I wanted to know not just “what happens next” but –
What happens next to these characters that I've come to know.
I don't think I'm an atypical reader. I do like the books I read to have some kind of plot. But for me what's important isn't what's happening but …
Who is it happening to? And how does that character react?
As a writer, I am thrilled when readers tell me that they've fallen in love with the characters in my Portals books. Because … I also love my characters, and I get a kind of parental glow when somebody tells me that they like my kids.
That's the key to creating characters your readers will at least care about: You as a writer have to care about them first. Because if you don't … and if that care, that love, doesn't show … Why should I as a reader care what happens to them?
Here's the Prime Directive (with apologies to Star Trek) for creating memorable characters: They are not something to hang a plot on. They are people, with minds and thoughts and lives of their own.
Many years ago, I was reading a short story written by an acquaintance. She had done a reasonable job of creating a believable protagonist – then came a snag. The protagonist (I'll call him “John”) did something so totally out of character it stopped me cold.
I told my friend, “I just can't see John doing this.”
She said, “But I need him to do it, because otherwise, the plot won't work.”
That's fine, I told her, but give him a reason to do it. If you've created an upstanding citizen – but you need him to rob a bank later – then give him motive. Rewrite the character to be a bit less upstanding. Have someone kidnap his wife, his sister, his kids, his beloved dog, and force him to rob the bank on pain of death to whatever he loves. Put him through some mind-altering crisis that changes how he thinks, or renders him incapable of recognizing the difference between right and wrong.
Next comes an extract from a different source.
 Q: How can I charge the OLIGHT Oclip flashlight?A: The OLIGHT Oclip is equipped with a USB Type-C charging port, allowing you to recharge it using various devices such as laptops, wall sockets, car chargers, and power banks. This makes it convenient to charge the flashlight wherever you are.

But don't just out-of-the-blue have Mr. Straitlaced and Upstanding wake up one morning and decide to rob a bank. Your readers won't buy it.
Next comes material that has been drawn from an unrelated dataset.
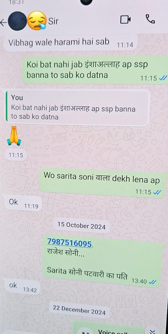 व्हाट्सएप चैट की यह लीक कॉपी अब पूरे पुलिस सिस्टम पर सवाल उठा रही है। नीचे दर्ज हुई बातचीत इस गठजोड़ की खौफनाक पुष्टि करती है:

As a writer, if I'm to make my characters real to my readers, they have to be real to me. Some writers go so far as to write out complete biographies of their major characters – even down to where, or if, this character went to school, what he/she likes for breakfast, hobbies, games …
I don't go into that much detail, but it's mainly because my approach to writing is one of telling my story to myself as I go along. My characters come to me the same way as my friends and acquaintances in the “real world”: I see them, we shake hands, and I learn more about them as we hang out together.
How you get to know your characters isn't as important, I think, as that you do get to know them. Care about them. Love them. Spend some time with them. If you care about them as a writer, then your readers will care about them too.
Anyway … that's my humble opinion. What do you think?
(By the way, the photo above is the new Kat Morales, Corpus Christi, Texas, police detective and human protagonist in my Portals books.)